**ACTIVITY**
Repeat every entry exactly as it stands. Omit the images.

#### RECORDS TO PROCESS

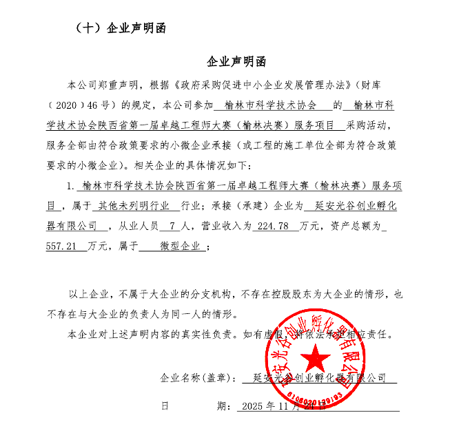 一、项目编号:QZMS2025-ZFCG030 二、项目名称:陕西省第一届卓越工程师大赛(榆林决赛)承接服务项目 三、采购结果 采购包1: | 供应商名称 | 供应商地址 | 中标(成交)金额 | 评审价格 | | 延安光谷创业孵化器有限公司 | 陕西省延安市宝塔区新区新天地步行街G区 | 797,000.00元 | 797,000.00元 | 四、主要标的信息 合同包1(榆林市科学技术协会陕西省第一届卓越工程师大赛(榆林决赛)服务项目): 服务类(延安光谷创业孵化器有限公司) | 品目号 | 品目名称 | 采购标的 | 服务范围 | 服务要求 | 服务时间 | 服务标准 | 金额(元) | | 1 | 其他科技服务 | 全面负责本次大赛的场租、广告制作、专业人员对接、交通、食宿、摄影摄像、直播、宣传、赛事对接等的服务。 | 榆林市科学技术协会陕西省第一届卓越工程师大赛(榆林决赛)服务项目 | 符合采购文件要求 | 自合同签订之日起至决赛后15个工作日止,决赛举办时间以大赛总体方案及采购人最终通知为准,具体实施需配合时间调整。 | 符合采购文件要求 | 797,000.00 | 五、评审专家(单一来源采购人员)名单: 六、代理服务收费标准及金额: | 代理服务收费标准及金额 | 《国家计委关于印发<招标代理服务收费管理暂行办法>的通知》(计价格[2002]1980号)和国家发展改革委员会办公厅颁发的《关于招标代理服务收费有关问题的通知》(发改办价格[2011]534号) | | 合同包号 | 合同包名称 | 代理服务费金额(万元) | 收取对象 | | 1 | 榆林市科学技术协会陕西省第一届卓越工程师大赛(榆林决赛)服务项目 | 1.1955 | 中标(成交)供应商 | 七、公告期限 自本公告发布之日起1个工作日。 八、其他补充事宜 九、凡对本次公告内容提出询问,请按以下方式联系。 1.采购人信息 名称:榆林市科学技术协会 地址:榆阳区榆溪大道13号政协楼601室 联系方式:0912-3895250 2.采购代理机构信息 名称:陕西秦洲明盛工程咨询有限公司 地址:陕西省榆林市高新技术产业园区榆溪大道阳光商务大厦十楼 联系方式:15389121603 3.项目联系方式 项目联系人:拓建伟 电话:15389121603 陕西秦洲明盛工程咨询有限公司 2025年11月25日 |
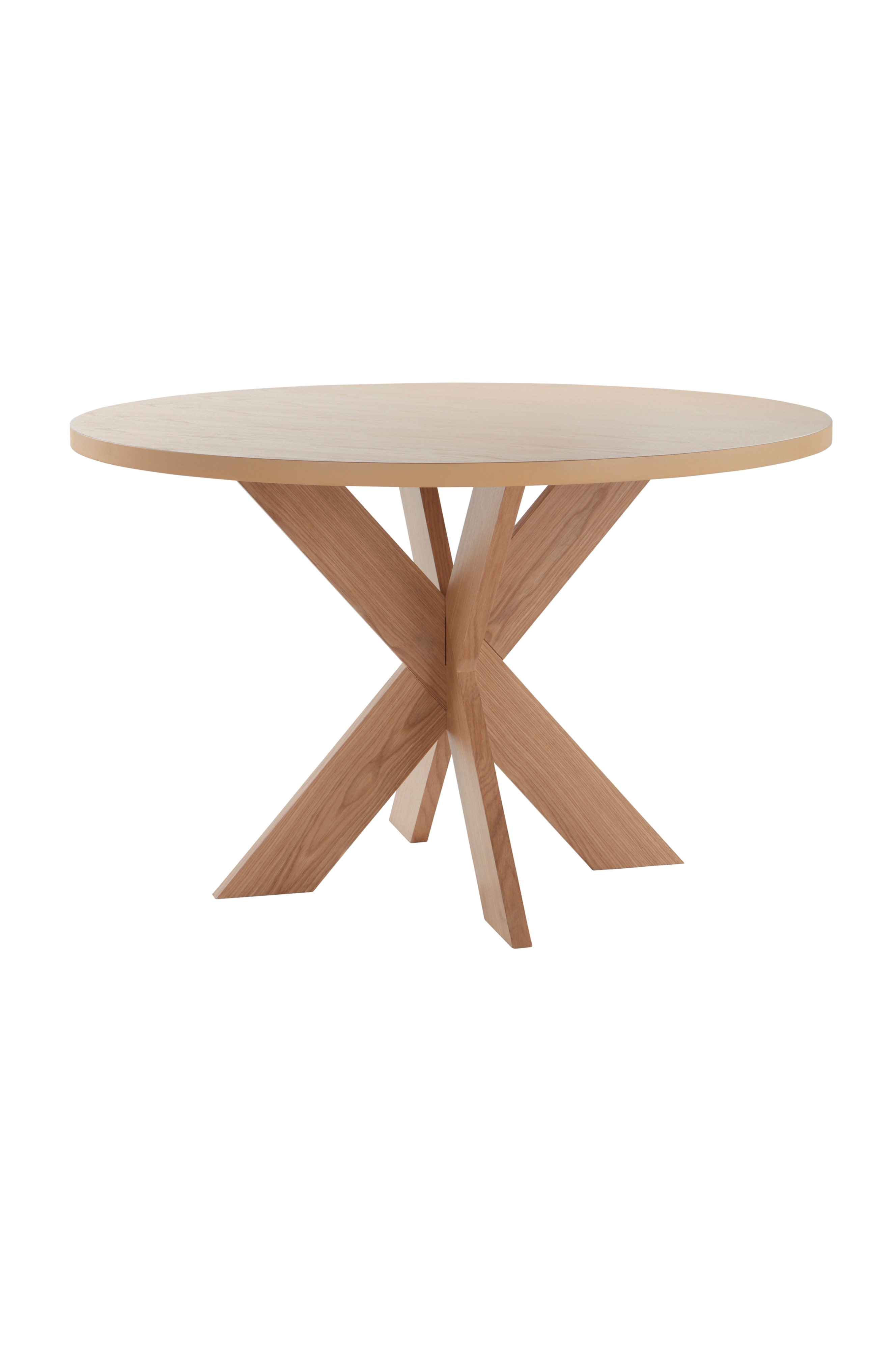 Runt bord av MDF. Det eleganta bordet har kryssunderrede, både snyggt och praktiskt. Det ger mycket plats för benen. Bordet finns i två utföranden. Det träfärgade har fin ekfaner. Det vita har matt vit yta med vattenbaserad lack som ytskikt. Viss montering krävs. Monteringsanvisningar medföljer.
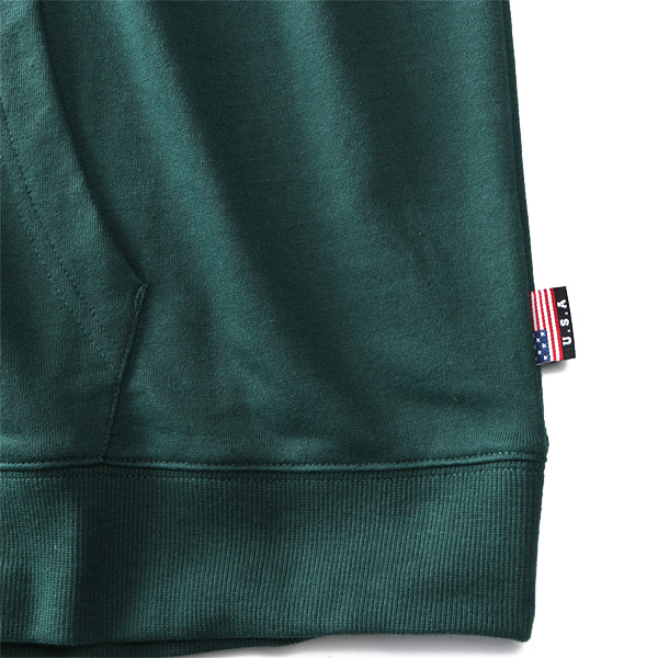 袖の切り替えが特徴の半袖切替ジップパーカー。夏でも快適に過ごせる裏毛を採用しました。
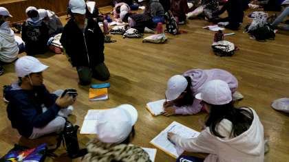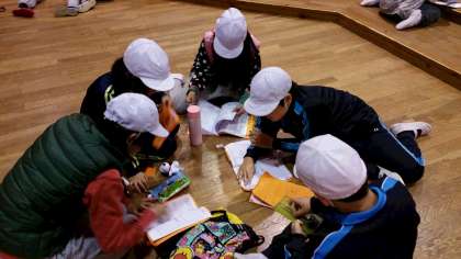『火起しで協力できた!』『野外炊事では昨日よりも早くおいしくできた!』など,今日の目標である【協力】を意識して活動していたようです。
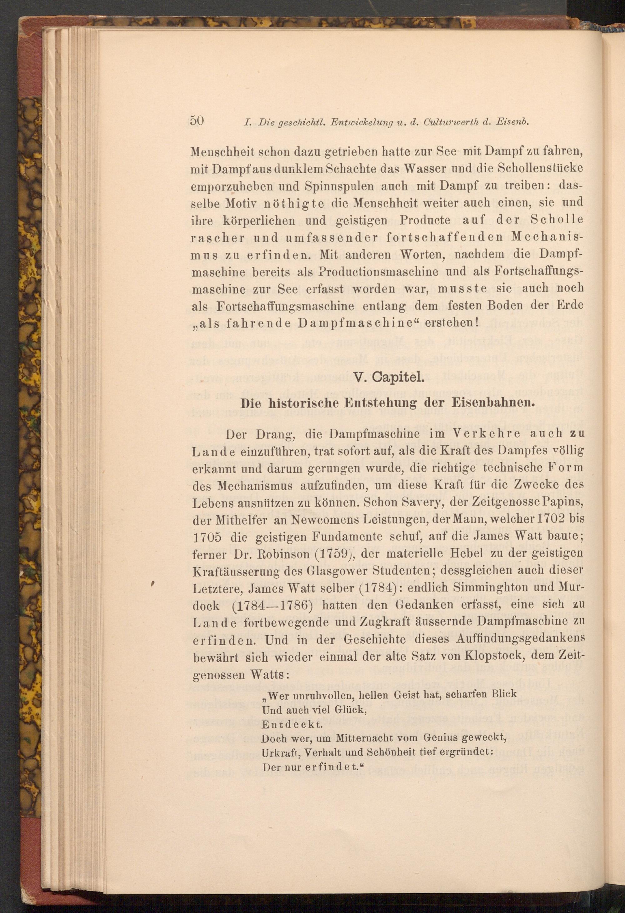 I. Die geschichtl. Entwickelung u. d. Culturwerth d. Eisenb. Menschheit schon dazu getrieben hatte zur See mit Dampf zu fahren, mit Dampf aus dunklem Schachte das Wasser und die Schollenstücke emporzuheben und Spinnspulen auch mit Dampf zu treiben: dasselbe Motiv nöthigte die Menschheit weiter auch einen, sie und ihre körperlichen und geistigen Producte auf der Scholle rascher und umfassender fortschaffenden Mechanismus zu erfinden. Mit anderen Worten, nachdem die Dampfmaschine bereits als Productionsmaschine und als Fortschaffungsmaschine zur See erfasst worden war, musste sie auch noch als Fortschaffungsmaschine entlang dem festen Boden der Erde ,, als fahrende Dampfmaschine" erstehen!
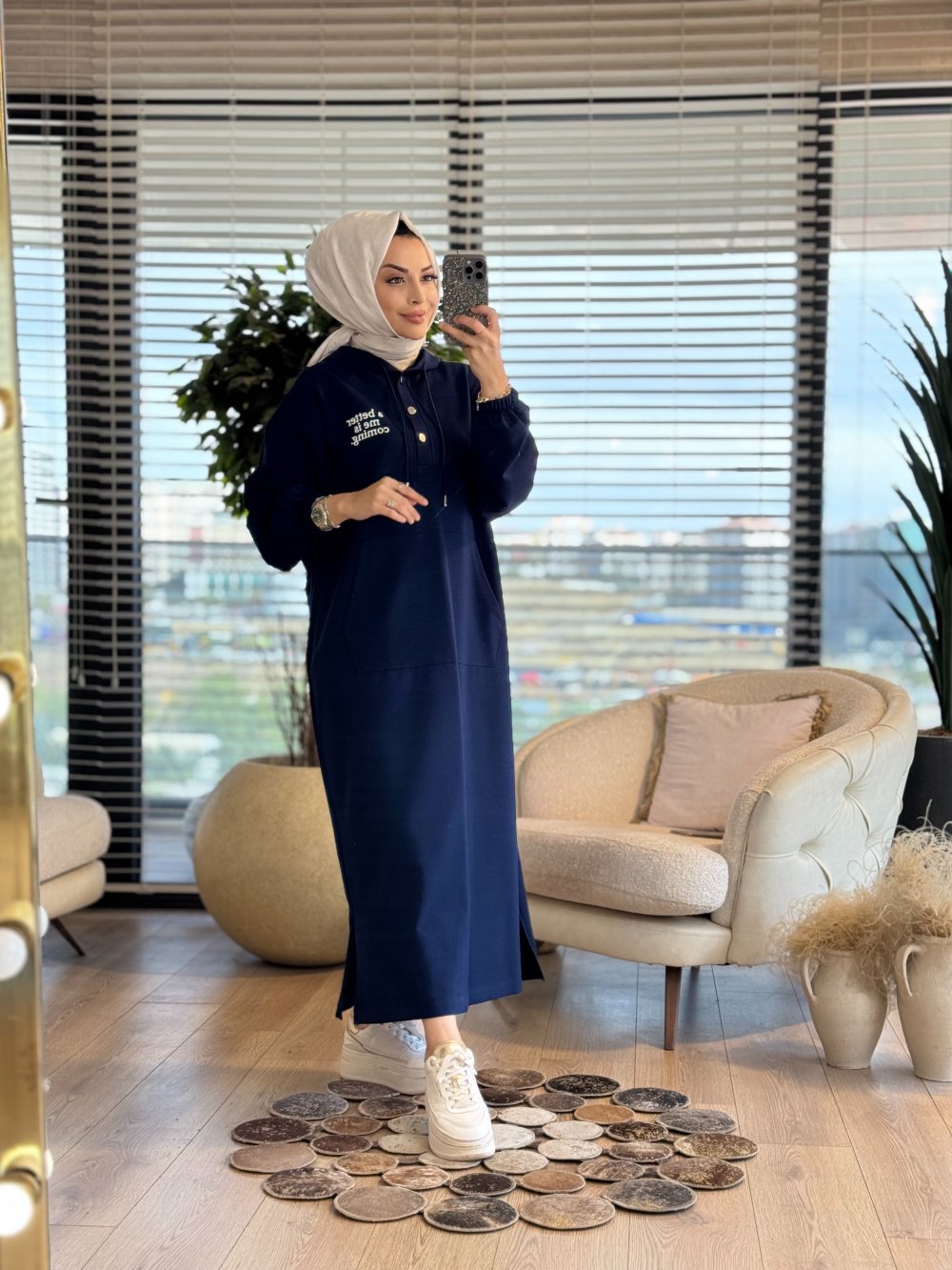 33744 Baskılı Kapşonlu Cepli Elbise Lacivert

########

**TASK ANSWER**
 一、项目编号:QZMS2025-ZFCG030 二、项目名称:陕西省第一届卓越工程师大赛(榆林决赛)承接服务项目 三、采购结果 采购包1: | 供应商名称 | 供应商地址 | 中标(成交)金额 | 评审价格 | | 延安光谷创业孵化器有限公司 | 陕西省延安市宝塔区新区新天地步行街G区 | 797,000.00元 | 797,000.00元 | 四、主要标的信息 合同包1(榆林市科学技术协会陕西省第一届卓越工程师大赛(榆林决赛)服务项目): 服务类(延安光谷创业孵化器有限公司) | 品目号 | 品目名称 | 采购标的 | 服务范围 | 服务要求 | 服务时间 | 服务标准 | 金额(元) | | 1 | 其他科技服务 | 全面负责本次大赛的场租、广告制作、专业人员对接、交通、食宿、摄影摄像、直播、宣传、赛事对接等的服务。 | 榆林市科学技术协会陕西省第一届卓越工程师大赛(榆林决赛)服务项目 | 符合采购文件要求 | 自合同签订之日起至决赛后15个工作日止,决赛举办时间以大赛总体方案及采购人最终通知为准,具体实施需配合时间调整。 | 符合采购文件要求 | 797,000.00 | 五、评审专家(单一来源采购人员)名单: 六、代理服务收费标准及金额: | 代理服务收费标准及金额 | 《国家计委关于印发<招标代理服务收费管理暂行办法>的通知》(计价格[2002]1980号)和国家发展改革委员会办公厅颁发的《关于招标代理服务收费有关问题的通知》(发改办价格[2011]534号) | | 合同包号 | 合同包名称 | 代理服务费金额(万元) | 收取对象 | | 1 | 榆林市科学技术协会陕西省第一届卓越工程师大赛(榆林决赛)服务项目 | 1.1955 | 中标(成交)供应商 | 七、公告期限 自本公告发布之日起1个工作日。 八、其他补充事宜 九、凡对本次公告内容提出询问,请按以下方式联系。 1.采购人信息 名称:榆林市科学技术协会 地址:榆阳区榆溪大道13号政协楼601室 联系方式:0912-3895250 2.采购代理机构信息 名称:陕西秦洲明盛工程咨询有限公司 地址:陕西省榆林市高新技术产业园区榆溪大道阳光商务大厦十楼 联系方式:15389121603 3.项目联系方式 项目联系人:拓建伟 电话:15389121603 陕西秦洲明盛工程咨询有限公司 2025年11月25日 |
 Runt bord av MDF. Det eleganta bordet har kryssunderrede, både snyggt och praktiskt. Det ger mycket plats för benen. Bordet finns i två utföranden. Det träfärgade har fin ekfaner. Det vita har matt vit yta med vattenbaserad lack som ytskikt. Viss montering krävs. Monteringsanvisningar medföljer.
 袖の切り替えが特徴の半袖切替ジップパーカー。夏でも快適に過ごせる裏毛を採用しました。
『火起しで協力できた!』『野外炊事では昨日よりも早くおいしくできた!』など,今日の目標である【協力】を意識して活動していたようです。
 I. Die geschichtl. Entwickelung u. d. Culturwerth d. Eisenb. Menschheit schon dazu getrieben hatte zur See mit Dampf zu fahren, mit Dampf aus dunklem Schachte das Wasser und die Schollenstücke emporzuheben und Spinnspulen auch mit Dampf zu treiben: dasselbe Motiv nöthigte die Menschheit weiter auch einen, sie und ihre körperlichen und geistigen Producte auf der Scholle rascher und umfassender fortschaffenden Mechanismus zu erfinden. Mit anderen Worten, nachdem die Dampfmaschine bereits als Productionsmaschine und als Fortschaffungsmaschine zur See erfasst worden war, musste sie auch noch als Fortschaffungsmaschine entlang dem festen Boden der Erde ,, als fahrende Dampfmaschine" erstehen!
 33744 Baskılı Kapşonlu Cepli Elbise Lacivert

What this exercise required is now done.